* Assigned task
Through the line that contains "As BofA's cross-asset-hedging", return the data below exactly, starting at its first line; leave the rest out.

* Data to examine
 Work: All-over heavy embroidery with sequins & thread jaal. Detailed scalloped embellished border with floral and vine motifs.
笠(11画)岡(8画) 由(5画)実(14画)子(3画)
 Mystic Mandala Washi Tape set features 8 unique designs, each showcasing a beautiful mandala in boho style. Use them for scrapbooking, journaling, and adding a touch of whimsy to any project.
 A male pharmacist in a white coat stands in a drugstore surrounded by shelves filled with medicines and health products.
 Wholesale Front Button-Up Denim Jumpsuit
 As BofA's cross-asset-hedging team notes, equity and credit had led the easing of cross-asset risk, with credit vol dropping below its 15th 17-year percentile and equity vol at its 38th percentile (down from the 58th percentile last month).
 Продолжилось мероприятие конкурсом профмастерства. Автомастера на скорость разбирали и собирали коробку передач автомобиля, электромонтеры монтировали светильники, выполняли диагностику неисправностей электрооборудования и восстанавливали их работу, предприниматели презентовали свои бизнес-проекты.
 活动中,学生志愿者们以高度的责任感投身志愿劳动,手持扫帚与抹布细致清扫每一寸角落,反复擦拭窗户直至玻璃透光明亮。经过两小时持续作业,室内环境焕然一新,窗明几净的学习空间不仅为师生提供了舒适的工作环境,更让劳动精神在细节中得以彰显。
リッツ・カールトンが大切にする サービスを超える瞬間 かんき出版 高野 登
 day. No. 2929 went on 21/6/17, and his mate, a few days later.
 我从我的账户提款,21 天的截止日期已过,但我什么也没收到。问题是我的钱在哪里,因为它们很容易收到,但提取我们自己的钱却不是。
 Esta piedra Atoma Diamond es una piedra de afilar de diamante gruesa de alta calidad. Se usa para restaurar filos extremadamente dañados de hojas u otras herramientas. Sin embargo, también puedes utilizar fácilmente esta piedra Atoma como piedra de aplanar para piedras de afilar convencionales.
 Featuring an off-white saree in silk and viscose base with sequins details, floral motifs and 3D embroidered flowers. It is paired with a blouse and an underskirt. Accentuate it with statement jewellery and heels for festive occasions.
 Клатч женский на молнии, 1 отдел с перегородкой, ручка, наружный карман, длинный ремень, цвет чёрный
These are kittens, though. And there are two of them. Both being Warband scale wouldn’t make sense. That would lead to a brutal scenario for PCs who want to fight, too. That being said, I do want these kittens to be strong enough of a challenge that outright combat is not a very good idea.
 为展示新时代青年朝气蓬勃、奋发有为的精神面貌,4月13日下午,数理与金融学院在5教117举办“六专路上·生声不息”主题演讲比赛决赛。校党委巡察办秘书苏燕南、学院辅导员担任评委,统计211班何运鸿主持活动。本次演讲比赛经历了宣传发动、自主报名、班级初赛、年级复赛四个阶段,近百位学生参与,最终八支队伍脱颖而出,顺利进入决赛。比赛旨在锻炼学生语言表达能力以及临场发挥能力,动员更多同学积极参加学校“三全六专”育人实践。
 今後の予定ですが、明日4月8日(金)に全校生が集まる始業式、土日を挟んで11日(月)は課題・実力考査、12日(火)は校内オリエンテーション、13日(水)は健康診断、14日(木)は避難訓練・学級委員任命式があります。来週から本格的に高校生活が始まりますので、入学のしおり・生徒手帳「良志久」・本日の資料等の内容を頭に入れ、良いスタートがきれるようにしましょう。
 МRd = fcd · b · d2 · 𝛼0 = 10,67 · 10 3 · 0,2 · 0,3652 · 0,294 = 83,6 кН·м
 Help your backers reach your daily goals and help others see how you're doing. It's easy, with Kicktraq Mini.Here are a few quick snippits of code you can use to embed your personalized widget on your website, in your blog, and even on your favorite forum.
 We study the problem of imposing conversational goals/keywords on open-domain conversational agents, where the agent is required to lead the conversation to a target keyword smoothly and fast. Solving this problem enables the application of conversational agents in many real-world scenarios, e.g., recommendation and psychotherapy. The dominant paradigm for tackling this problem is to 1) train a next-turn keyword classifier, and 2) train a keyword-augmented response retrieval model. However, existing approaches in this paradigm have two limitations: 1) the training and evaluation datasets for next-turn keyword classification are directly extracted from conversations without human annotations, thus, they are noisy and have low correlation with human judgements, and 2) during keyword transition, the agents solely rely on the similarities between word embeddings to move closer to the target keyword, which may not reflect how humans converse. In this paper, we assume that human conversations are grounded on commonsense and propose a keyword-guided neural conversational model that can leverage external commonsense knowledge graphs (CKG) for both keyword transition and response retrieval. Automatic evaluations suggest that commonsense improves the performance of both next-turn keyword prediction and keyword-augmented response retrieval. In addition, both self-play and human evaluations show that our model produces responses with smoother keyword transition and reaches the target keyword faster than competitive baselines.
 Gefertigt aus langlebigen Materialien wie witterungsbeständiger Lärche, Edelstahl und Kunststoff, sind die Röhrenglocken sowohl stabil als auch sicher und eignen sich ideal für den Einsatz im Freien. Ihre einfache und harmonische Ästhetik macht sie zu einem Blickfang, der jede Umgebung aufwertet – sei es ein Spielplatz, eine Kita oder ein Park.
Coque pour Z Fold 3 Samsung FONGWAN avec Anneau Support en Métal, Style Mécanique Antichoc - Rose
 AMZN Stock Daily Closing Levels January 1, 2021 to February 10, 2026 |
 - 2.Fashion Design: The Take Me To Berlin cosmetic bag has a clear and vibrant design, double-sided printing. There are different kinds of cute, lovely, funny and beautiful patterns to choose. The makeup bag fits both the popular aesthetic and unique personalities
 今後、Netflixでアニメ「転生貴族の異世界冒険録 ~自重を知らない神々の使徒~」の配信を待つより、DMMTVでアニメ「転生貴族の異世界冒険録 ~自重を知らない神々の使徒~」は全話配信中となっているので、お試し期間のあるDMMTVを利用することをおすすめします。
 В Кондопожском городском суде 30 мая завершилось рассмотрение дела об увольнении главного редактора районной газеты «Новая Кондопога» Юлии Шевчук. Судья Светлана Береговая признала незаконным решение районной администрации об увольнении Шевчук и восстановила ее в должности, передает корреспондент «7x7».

* Exercise output
 Work: All-over heavy embroidery with sequins & thread jaal. Detailed scalloped embellished border with floral and vine motifs.
笠(11画)岡(8画) 由(5画)実(14画)子(3画)
 Mystic Mandala Washi Tape set features 8 unique designs, each showcasing a beautiful mandala in boho style. Use them for scrapbooking, journaling, and adding a touch of whimsy to any project.
 A male pharmacist in a white coat stands in a drugstore surrounded by shelves filled with medicines and health products.
 Wholesale Front Button-Up Denim Jumpsuit
 As BofA's cross-asset-hedging team notes, equity and credit had led the easing of cross-asset risk, with credit vol dropping below its 15th 17-year percentile and equity vol at its 38th percentile (down from the 58th percentile last month).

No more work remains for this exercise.